Пока Лена и Геннадий пылко обнимались с Олейниковой, Успенская стояла рядом, ощущая себя бедной родственницей. Сумку она повесила на плечо, но та все время норовила свалиться. Разговаривая с Коровкиными, Маша почувствовала себя легко, но пришла Марфа и сразу расставила все по своим местам: вот по-настоящему родные люди, а Успенская – неизвестно кто. Внучка Зои. Где, спрашивается, та внучка была прежде? О самой Зое и говорить не приходится…

Наконец Марфа обратила внимание и на Машу:

– Пойдем, провожу тебя в твою светелку. А вы тащите в дом свои сумки, скоро и до вас дойдет очередь.

Кивнув Гене и его жене, Успенская последовала за старухой.

– Туфли сымай, – приказала Марфа, когда они оказались в прихожей. – У меня половики, по ним только босиком или в тапочках.

Маше достались огромные тапочки с овчиной. Казалось, они вот-вот заблеют и сами понесут Машу из комнаты в комнату.

Марфа толкнула дверь, и Успенская шагнула внутрь. С губ ее снова сорвался восхищенный свист, второй раз за этот день.

– Не свисти! – старуха больно ткнула ее пальцем в спину. – Денег не будет.

Но Маша не могла не свистеть. Они стояли в большой, просторной комнате, залитой солнечным светом. Посреди комнаты широкий дубовый стол, вокруг стулья, кресло-качалка, покрытое пледом… Пахло деревом – можжевельником и сосной. В дальнем конце комнаты виднелся камин, пол перед которым устилали белые искусственные шкуры.

В Москве Маша жила в однокомнатной хрущевке, вылупившейся из комнаты в коммуналке в результате многолетней выплаты оброка, лицемерно именуемого ипотекой. Оброк начинала платить еще мать, потом эстафету перехватила Маша.

Свою квартирку Успенская очень любила. Она любила бы и коробку, если бы ей пришлось жить в коробке. Маша обладала счастливым даром обживать и обустраивать пространство вокруг себя таким образом, что оно расцветало и чудесно преображалось.

Но здесь, в этом доме она почувствовала себя так, будто ее долгое время держали где-то скомканной, а потом достали и развернули.

Камин со шкурами окончательно добил Машу.

– Это для баловства, – кивнула Марфа на камин, словно прочитав ее мысли. – Так-то печка русская есть, она лучше любого камина.
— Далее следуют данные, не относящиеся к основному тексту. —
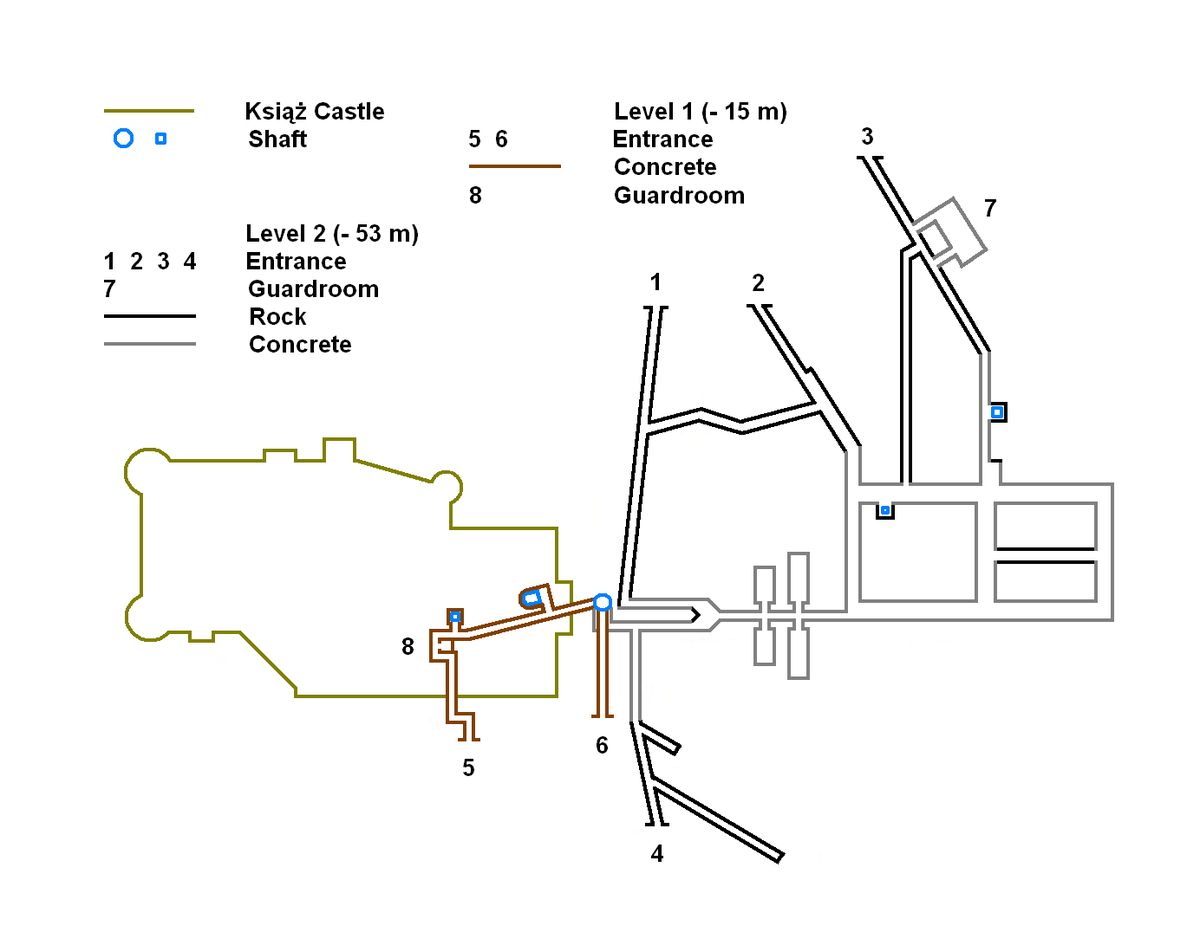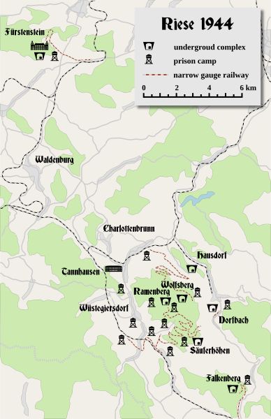 Od poloviny roku 1943 začali Němci razit rozsáhlé komplexy chodeb, hal a laboratoří v Sovích horách i pod zámkem Książ v Dolním Slezsku. Měly sloužit jako továrny na moderní zbraně, úkryty před bombardováním i možné zázemí pro nacistickou elitu. Stavba byla megalomanská, v roce 1944 zde pracovalo až 28 000 nuceně nasazených dělníků z celé Evropy. V nelidských podmínkách pracovních táborů i štol zahynuly tisíce lidí.
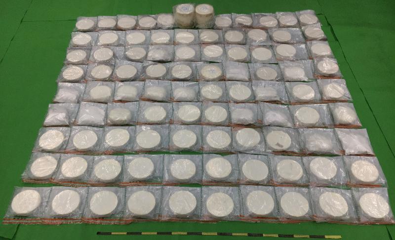 Customs then dismantled the parts of the two hydraulic devices with assistance from officers of the Fire Services Department and found a batch of suspected cocaine wrapped with plastic materials in each of the two devices. The total weight was about 110kg.

А в сильные холода, конечно, газ. Такую махину без газа никак не протопить.

Старуха одобрительно похлопала рукой по стене, как будто дом был живым существом. Словно хозяин, гордящийся породистым конем, которого он кормит лучшим сеном.

– Пойдем наверх, там у меня комнаты для гостей.

Хозяйка привычно подобрала подол и неторопливо начала подниматься вверх по лестнице.